Ende Juni war ich routinemäßig beim Hautarzt, der dann an meiner Wade einen Ausschlag entdeckte. Ich hatte diesen bis dahin für eine Sonnenallergie gehalten, weil er nur im Sommer deutlicher zu sehen war. Ich erzählte ihm meine Geschichte und er sagte sofort, dass es sich um eine Borreliose handeln müsste. Er sendete ein Stück der Haut von der Wade ins Labor. Die Blutergebnisse waren dann zwar nicht eindeutig, aber viele Unterbanden waren positiv, sodass für drei Wochen täglich Doxycyclin 200 mg einnahm. Auch die Hautuntersuchung Labor deute nicht Borreliose hin. Es sei irgendein anderer Ausschlag.

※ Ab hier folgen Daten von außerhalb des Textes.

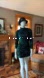 This lovely has three-quarter links sleeves with a high neckline that snaps at the back and circular opening with a low back.. there is a zipper and a length would be mini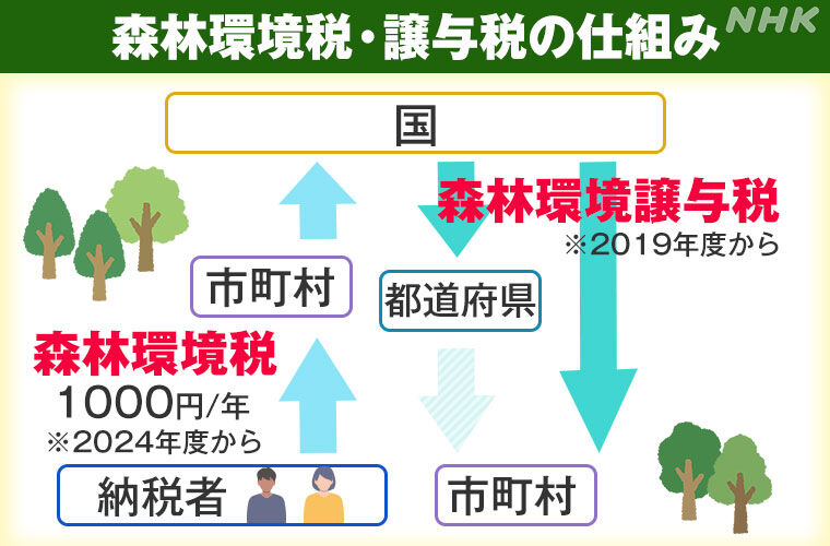 2024年度から日本に住所をおく人は1年間につき1人あたり1000円を森林環境税として納めることが義務となります。
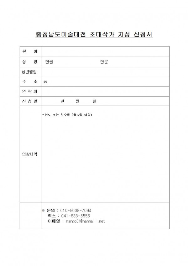 ▶ 제48회 충청남도미술대전 결과 총12점 취득하신 작가분은 초대작가 지정신청서를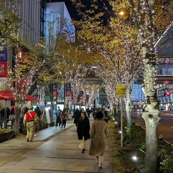 梅田のイルミネーションは東京のシャープな光と違ってなんとなく温かみがある光でした。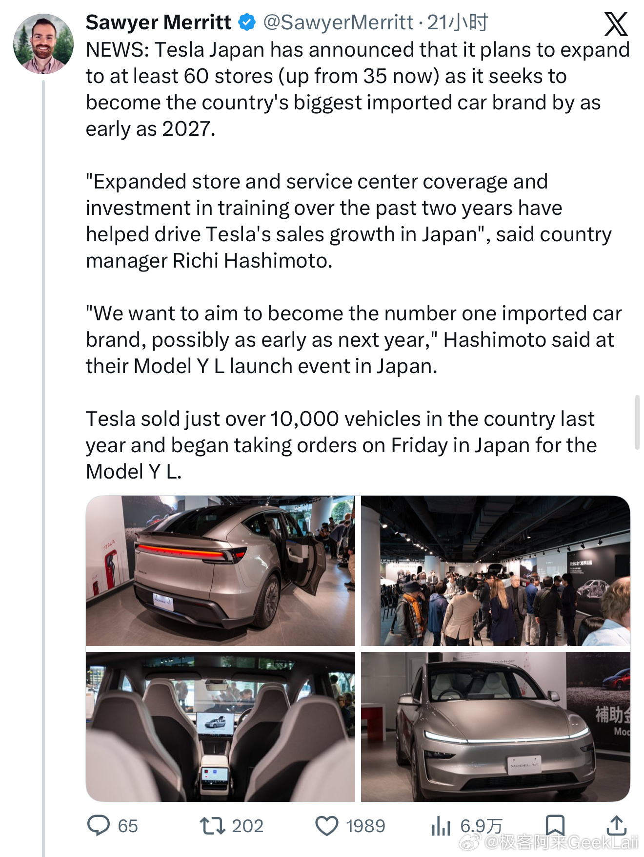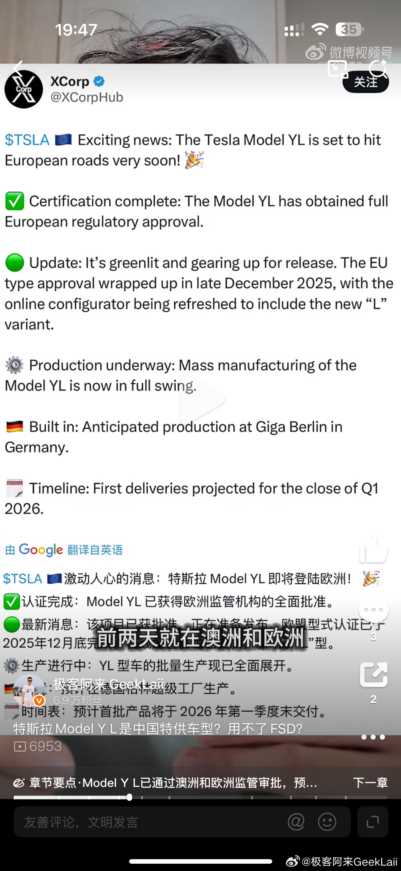 现在再回看半年前Model Y L刚在国内交付时好多人说Model Y L是中国特供车型,我发了条视频反驳说Model Y L就是全球车型。结果评论区一哥们一口咬定Model Y L就是中国特供车型,还搬出了各种“内幕消息”说两年内不会在非大陆地区运营还要跟我赌点啥半年过去了 事实胜于雄辩了网页链接网页链接特斯拉Model Y L目前已经在日本、泰国、韩国、中国香港、新加坡、马来西亚、中国澳门和菲律宾陆续上市了马上德国柏林超级工厂生产后,欧洲也会有很多国家和地区上市(欧洲已经备案车型了)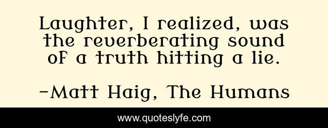 This page presents the quote "Laughter, I realized, was the reverberating sound of a truth hitting a lie.". Author of this quote is Matt Haig, The Humans. .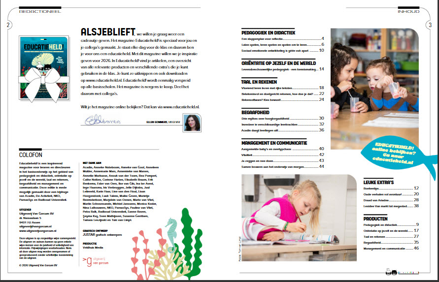 Het magazine biedt inspiratie en biedt leuke extra's op het gebied van pedagogiek en didactiek, begaafdheid, taal en rekenen, oriëntatie op jezelf en de wereld en management en communicatie.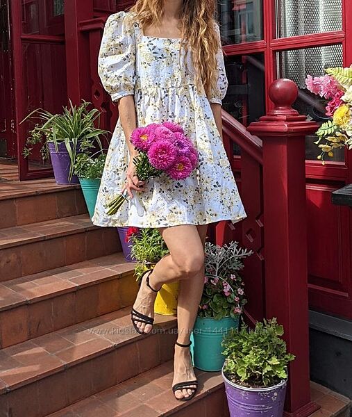Подробное описание: Ніжна коротка сукня в квітковий принт з об´ємними рукавами оверсайз oversiz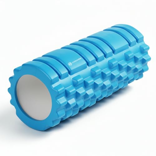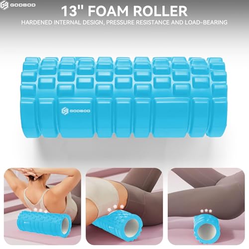 GODBOD - أسطوانة تدليك من الفوم عالية الكثافة للأنسجة العميقة وتدليك العضلات والتعافي وتخفيف الألم ونقاط التحفيز واسترخاء اللفافة العضلية للرياضيين والجيم والعلاج الطبيعي من جودبود، 33×12.7 سم، أزرق سماوي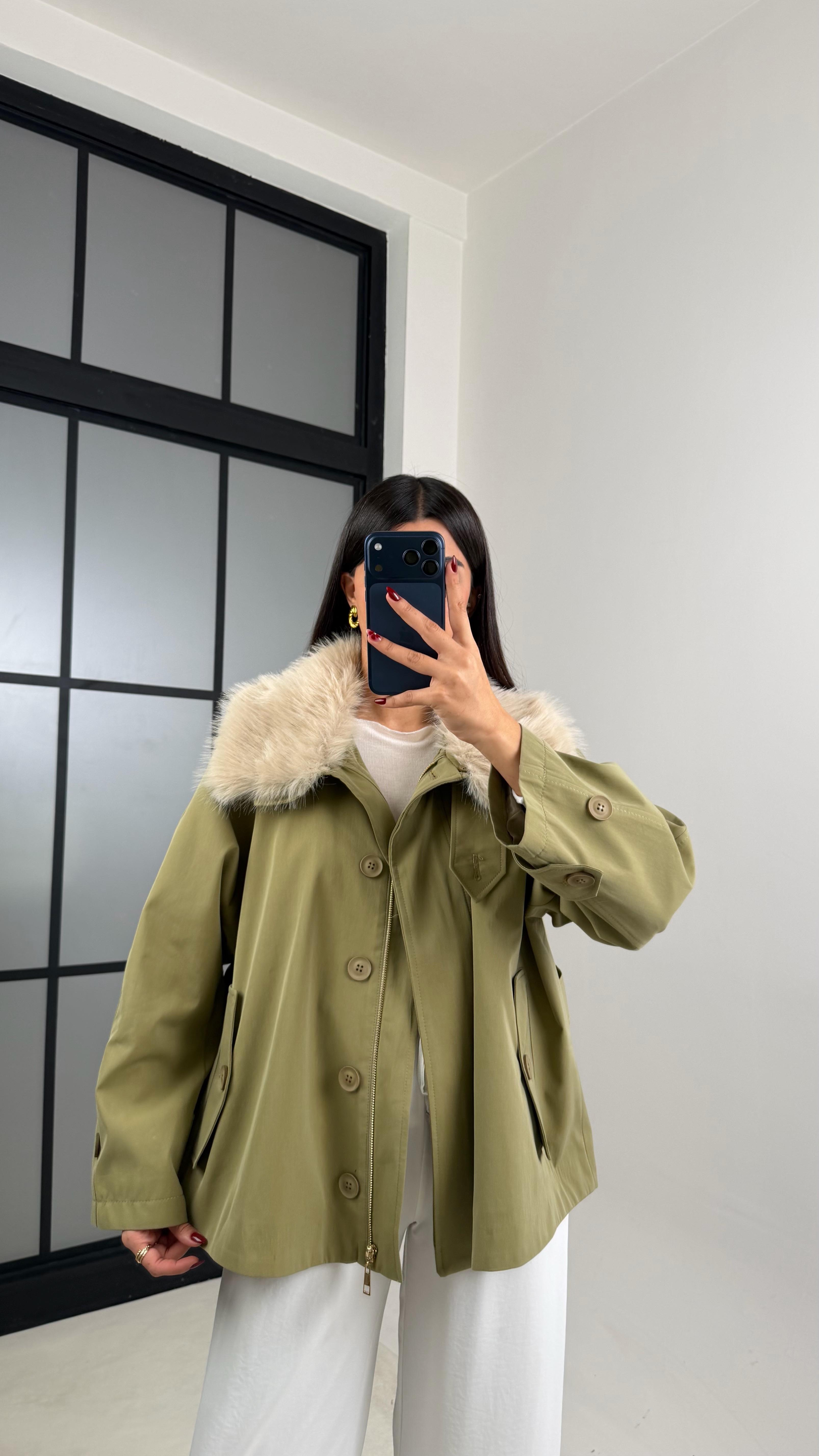 Yeşil Yaka Kürk Detaylı Astarlı Trençkot GAUS-00660
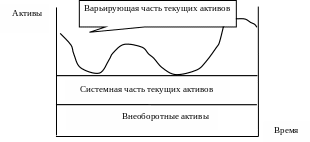 Категория переменного оборотного капитала (варьирующей части текущих активов) отражает дополнительные текущие активы, необходимые в пиковые периоды или в качестве страхового запаса (рис. 1).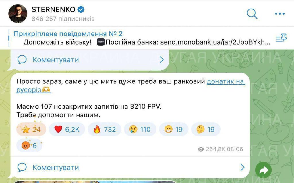 Примечательно, что в тот же день Сергей, по традиции, начал утро с призыва к подписчикам поддержать сбор и скинуться на дрон.

Dank Borreliose Bund zum Borreliosearzt

Im August war ich im Urlaub; das war ganz okay. Ich konnte kleine Spaziergänge machen und hatte keine großen Beschwerden. Der Tinnitus blieb, aber dagegen gibt es ja auch keine wirklichen Medikamente. Jetzt, Anfang September, wurde es alles wieder schlimmer. Viele Symptome kamen zurück, Rückenschmerzen, die bis ins Bein ausstrahlen usw. Bei meiner Recherche im Internet stieß ich auf die Website des Borreliose und FSME Bund. Ich rief an und wurde auf die Ärzteliste der Deutschen Borreliose Gesellschaft Deutschen Borreliose Gesellschaft aufmerksam gemacht.

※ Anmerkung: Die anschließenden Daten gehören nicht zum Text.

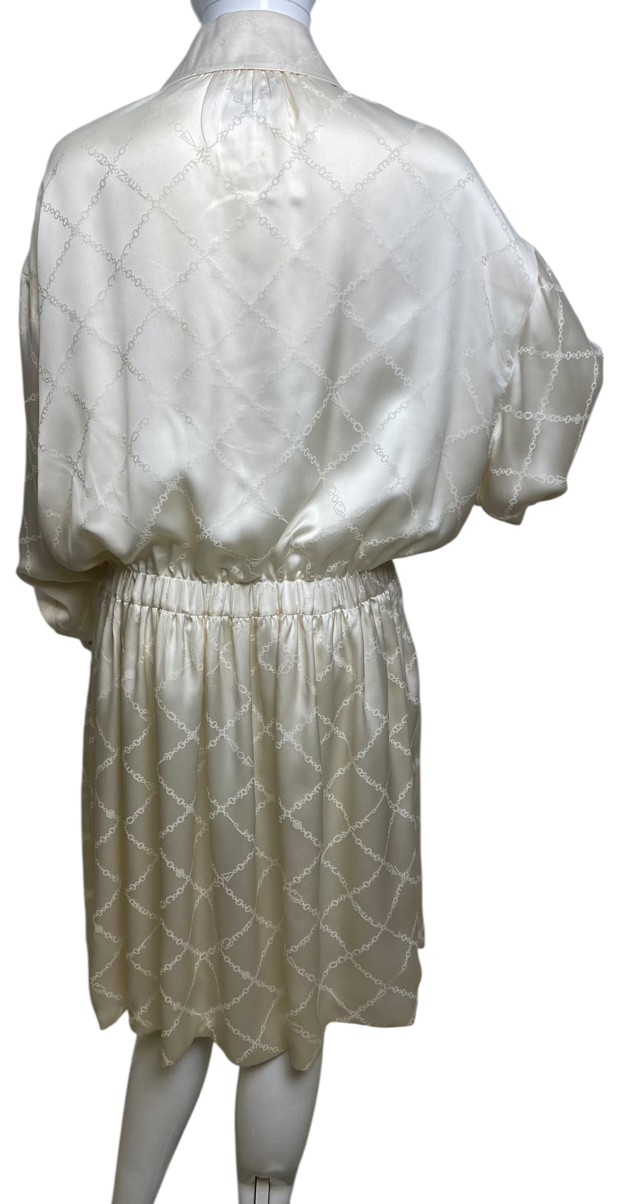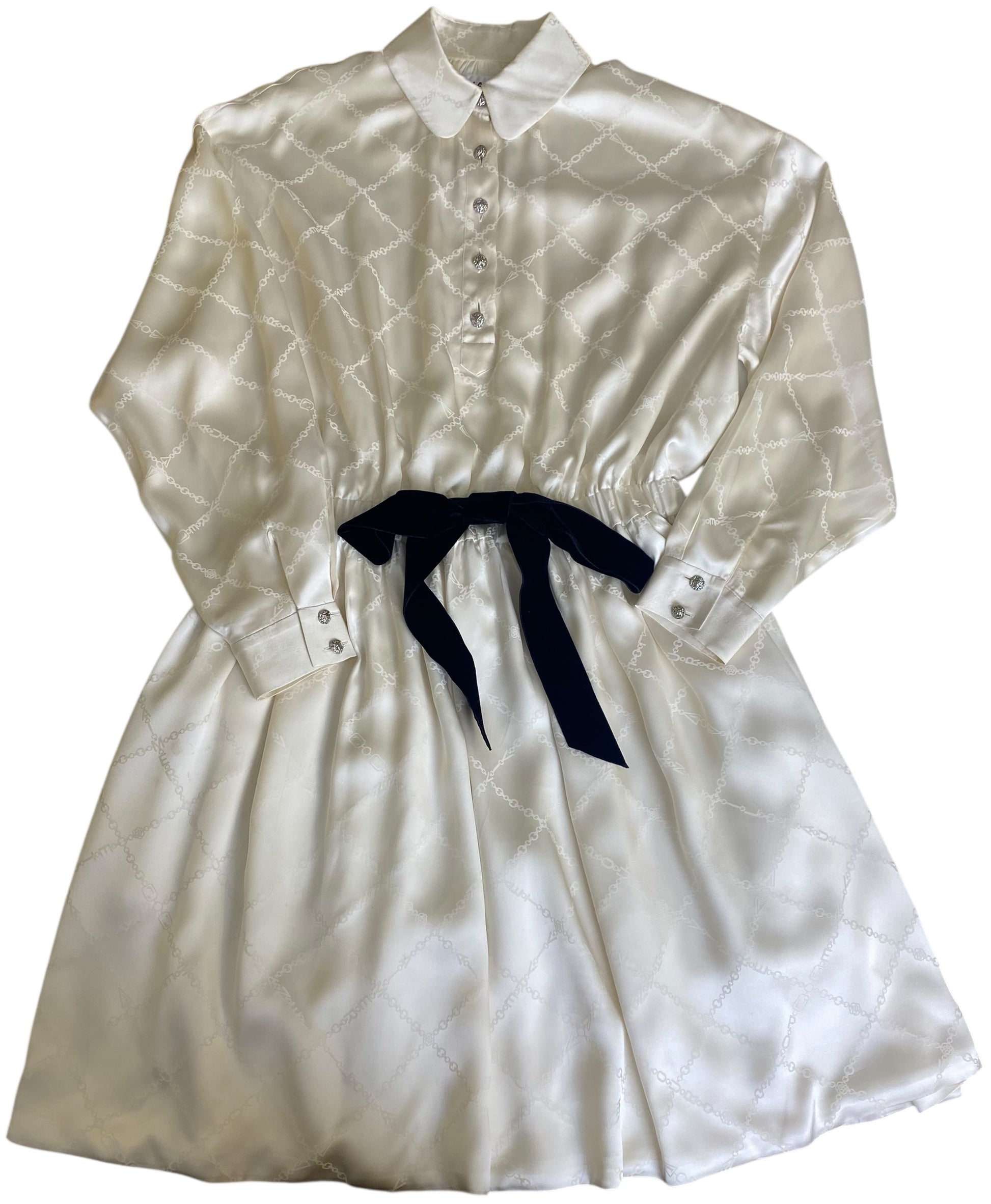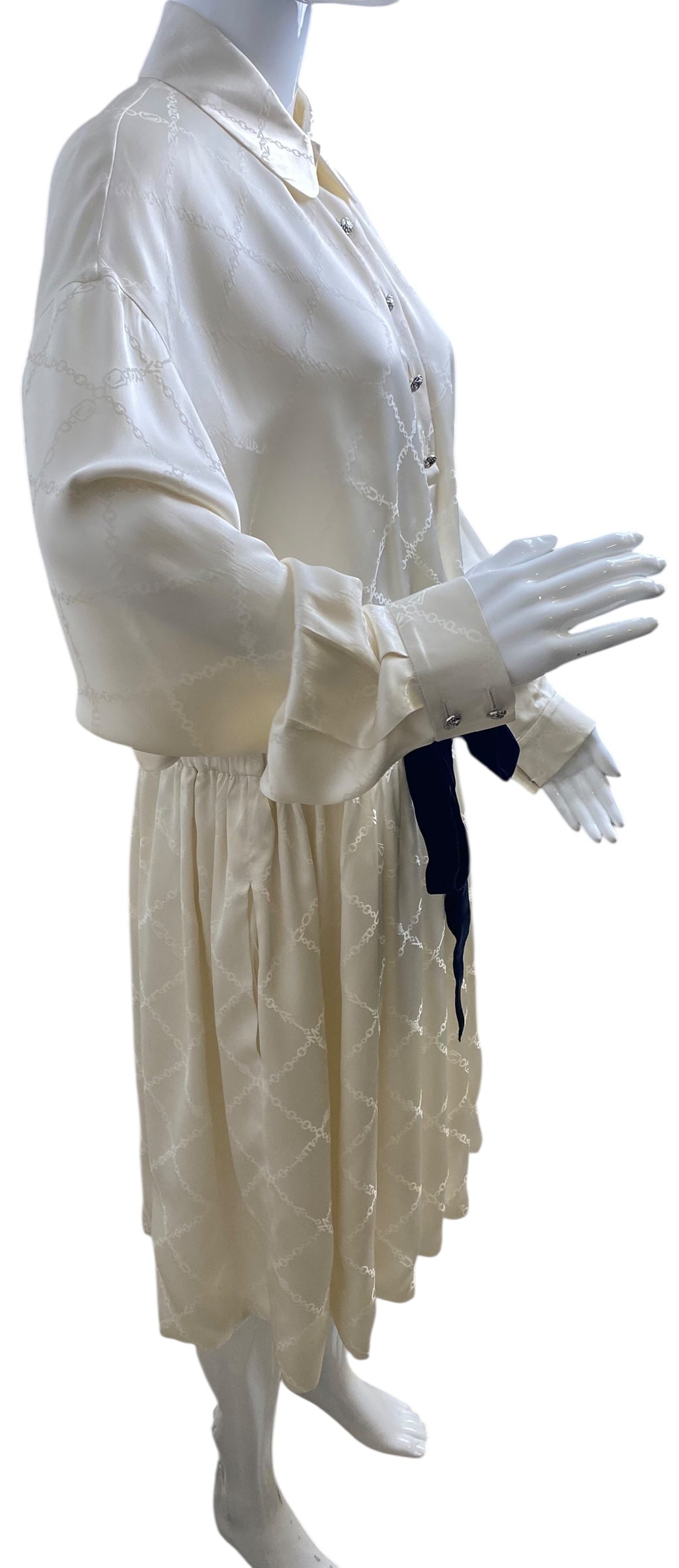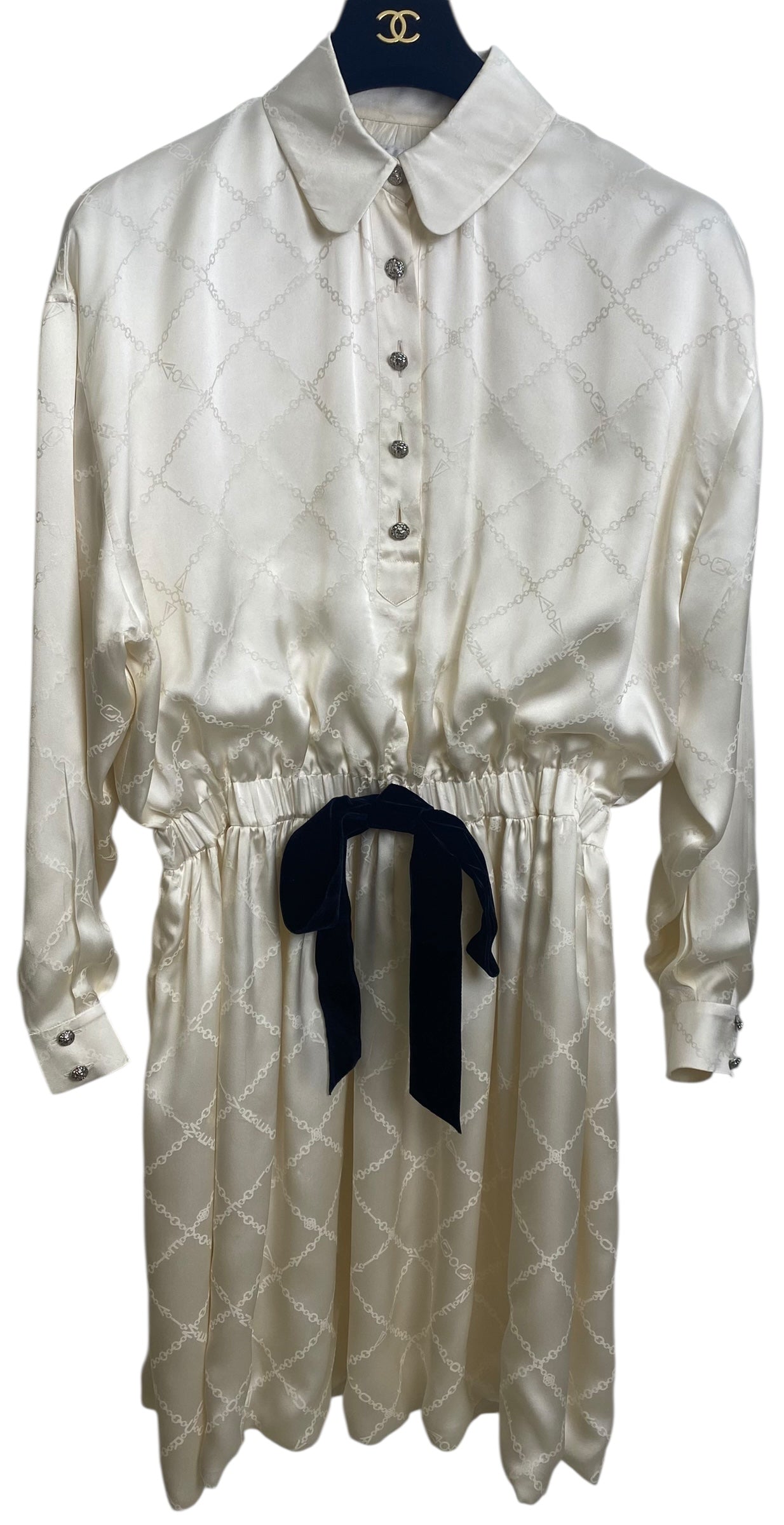 Chanel 22B Ecru Jacquard Silk CC Logo Velvet Bow Blouson Dress FR 40

Ich suchte mit einen der Ärzte aus, hatte Glück und konnte zeitnah einen Termin bekommen. Der nächste Arzt wäre 1,5 Stunden entfernt gewesen. Nach all den Arztbesuchen in diesem Jahr, hatte ich jetzt das erste Mal das Gefühl, einen Arzt vor mir zu haben, der Ahnung von Borreliose hat. Er konnte mir super viel erklären und sagte mir, dass ich in meinem Stadium (chronische Borreliose) nicht mit drei Wochen Antibiotika auskomme. Ich bin derzeit dabei, nochmals täglich Doxycyclin 400 mg zu nehmen. Nach etwa vier Wochen beginne ich dann eine Infusionstherapie. Ich stehe derzeit weiterhin regelmäßig in Kontakt mit dem Borreliosearzt und hoffe, er wird mich weiterhin so gut betreuen.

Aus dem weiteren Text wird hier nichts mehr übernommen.